SNAP*Shot: The Marvelous Monument Plant

What are those tall stalks growing in the meadows? Do you see them? Let’s explore.

This four- foot stalk is covered with small flowers, and the flowers are green with purple dots. They look more like they belong in subtropic areas of the world, not the meadows of Yellowstone. So unusual and so beautiful.

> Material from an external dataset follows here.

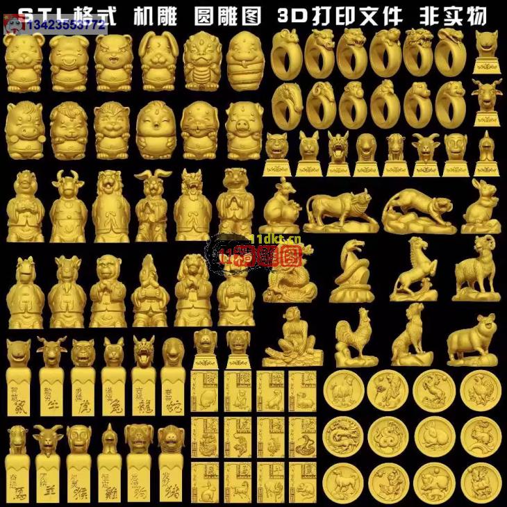十二生肖动物戒指玉牌圆雕图STL文件3D打印模型图纸合集打包

This is a Green Gentian (Frasera speciosa), also called the Monument Plant, and is monocarpic. No, I didn’t know what that was either, but it thoroughly explains this unique plant. Green gentian can live to be 80 years old, but each year of its life all you see are the pretty basal leaves growing a few feet tall and reaching to the sky until . . .

. . . the last year of its life when it produces a stalk from 4 to 7 feet tall covered with beautiful small  flowers. The flowers range from pale green to white with purple or blue dots, but I’ve only ever seen the flowers in shades of green. This is the  “monument” phase. Each flower produces up to 60 seeds ensuring the next generation. The plant then dies leaving the dead stalk which may stand a few years, as you can see above.

So “monocarpic” means growing many years without flowering, then flowering and dying after its seeds are developed. We may see many stalks across a meadow or only a few, but the stalks tell us that this is the last hoorah of this amazing monument plant.

7 thoughts on “SNAP*Shot: The Marvelous Monument Plant

  1. Steve Schwartzman says:

    That’s a great native plant. I see it grows in parts of South Dakota and Wyoming that I visited this summer, but I don’t recall seeing any—of course I wasn’t on the lookout for it then the way I would be now.